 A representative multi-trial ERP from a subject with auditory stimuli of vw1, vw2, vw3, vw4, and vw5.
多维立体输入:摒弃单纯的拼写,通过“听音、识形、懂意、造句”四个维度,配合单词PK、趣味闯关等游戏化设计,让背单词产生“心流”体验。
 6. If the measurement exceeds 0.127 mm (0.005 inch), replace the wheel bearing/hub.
* * *
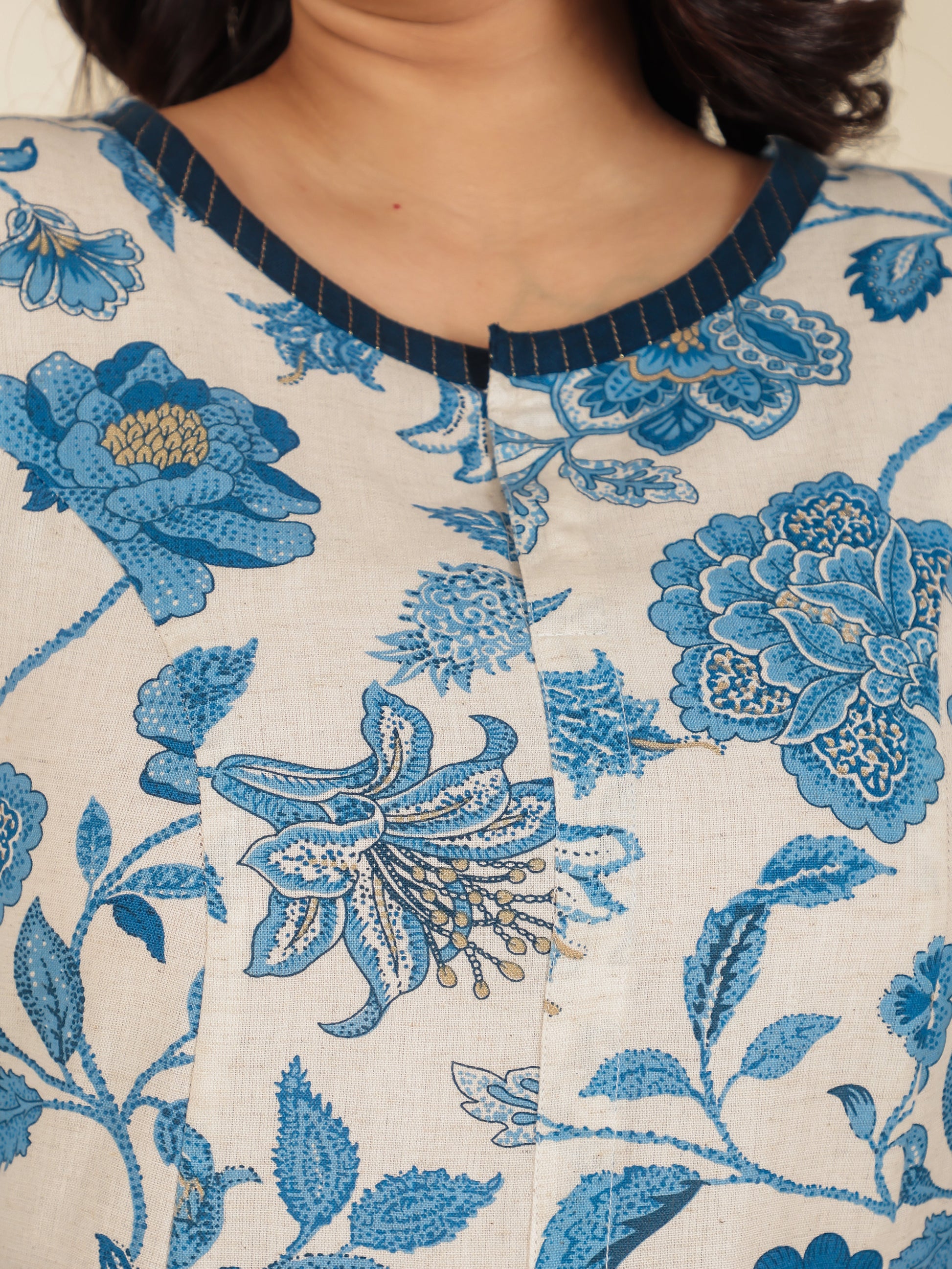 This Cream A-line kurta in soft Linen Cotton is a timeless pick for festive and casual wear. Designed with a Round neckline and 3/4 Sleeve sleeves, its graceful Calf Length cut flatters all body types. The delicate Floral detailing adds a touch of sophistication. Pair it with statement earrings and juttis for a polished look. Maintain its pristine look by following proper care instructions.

» Task statement
Only those lines of the entries above that run from the line containing "A representative multi-trial" to the line containing "6. If the measurement", both included, should be transcribed exactly.

» Written answer
 A representative multi-trial ERP from a subject with auditory stimuli of vw1, vw2, vw3, vw4, and vw5.
多维立体输入:摒弃单纯的拼写,通过“听音、识形、懂意、造句”四个维度,配合单词PK、趣味闯关等游戏化设计,让背单词产生“心流”体验。
 6. If the measurement exceeds 0.127 mm (0.005 inch), replace the wheel bearing/hub.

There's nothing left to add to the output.